Biden e Trump duelam na fronteira com o México

O presidente Joe Biden e o ex-presidente Donald Trump realizaram viagens concorrentes à fronteira sul dos Estados Unidos nesta quinta-feira (29/2). Esta movimentação criou uma divisão marcante na tela, com cada um buscando vantagem política em um tema dominante na campanha. em um cenário que evidencia a intensidade da crise migratória como tema central da campanha presidencial de 2024

O presidente Biden desembarcou em Brownsville, Texas, cidade historicamente afetada por grandes influxos de migrantes. Em um discurso que iniciou abordando os incêndios no Texas Panhandle, Biden ridicularizou os republicanos que negam a ameaça das mudanças climáticas, referindo-se a eles como seus “amigos neandertais”. Em seguida, focou na questão migratória, destacando a necessidade de reforçar a fronteira e o sistema de imigração. Ele enfatizou o apelo dos agentes da Patrulha da Fronteira por mais recursos, juízes e oficiais.

O presidente não poupou críticas aos republicanos por obstruírem o projeto de lei bipartidário de imigração, o qual ele mesmo apoiou. Biden acusou a interferência partidária de ter descarrilado a legislação no Senado, exortando a presidente da Câmara a colocar o projeto em votação.

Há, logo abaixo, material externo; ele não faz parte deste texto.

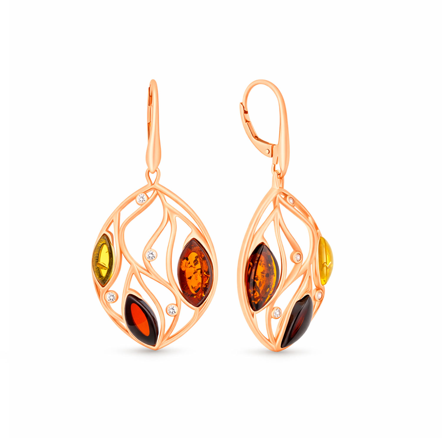 Ohrhänger rotvergoldet aus 925 Silber mit Kirschbernstein, Cognacbernstein, Zitronenbernstein und kleinen Zirkonia (Klappverschluß)
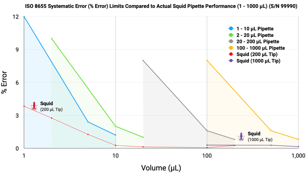 Figure 2. Systematic Error (% Error) of the Squid Pipette (S/N 99990) compared to ISO 8655:2022 permissible limits. The Squid performance (red and purple lines) remains consistently below the maximum allowable limits across all volumes, demonstrating superior accuracy. The overlapping data points at 100 µL and 200 µL illustrate the seamless transition and maintained performance between the 200 µL and 1000 µL tip types.

Por outro lado, Trump escolheu Eagle Pass, mais de 483 km distante, como palco para destacar sua postura firme em relação à imigração. Ao lado do Governador Greg Abbott e do presidente do Conselho Nacional da Patrulha da Fronteira, Brandon Judd, Trump criticou as políticas de Biden, declarando que os Estados Unidos estão sendo “invadidos”. Ele centrou sua fala na morte de Laken Riley, responsabilizando Biden pelo trágico evento e destacando a origem ilegal do acusado.

A visita de Biden e Trump ocorre em um momento em que a imigração se destaca como uma das principais preocupações dos americanos. O aumento recorde de migrantes durante a administração Biden tem sido explorado por Trump e outros republicanos, questionando a postura do presidente em relação à fronteira.

Enquanto a política de imigração nos EUA inclina-se para a direita, pesquisas indicam crescente apoio, inclusive dentro do Partido Democrata, a medidas fronteiriças antes rejeitadas pelos democratas e defendidas por Trump.

Biden considera ações executivas para restringir drasticamente o asilo na fronteira, fechando-a para novas chegadas se mais de 5 mil migrantes tentarem atravessar ilegalmente em uma semana, ou mais de 8,5 mil em um dia. Enquanto isso, Trump planeja uma expansão extrema de suas políticas anti-imigração, incluindo deportações em massa e a recusa de pedidos de asilo com base em alegações de infecções.

Em resumo, o duelo na fronteira evidencia a centralidade da imigração na política americana, com Biden e Trump apresentando abordagens opostas para lidar com a crise, em um contexto em que os cidadãos americanos expressam crescente preocupação com a questão. O desenrolar dessas estratégias e suas consequências moldarão a narrativa política nos próximos meses.

No dia 5 de novembro próximo, os americanos irão às urnas para eleições gerais que escolherão o presidente da República. Pelo andar da carruagem, haverá uma revanche entre Biden e Trump.

Biden e Trump apresentam soluções parecidas para a migração.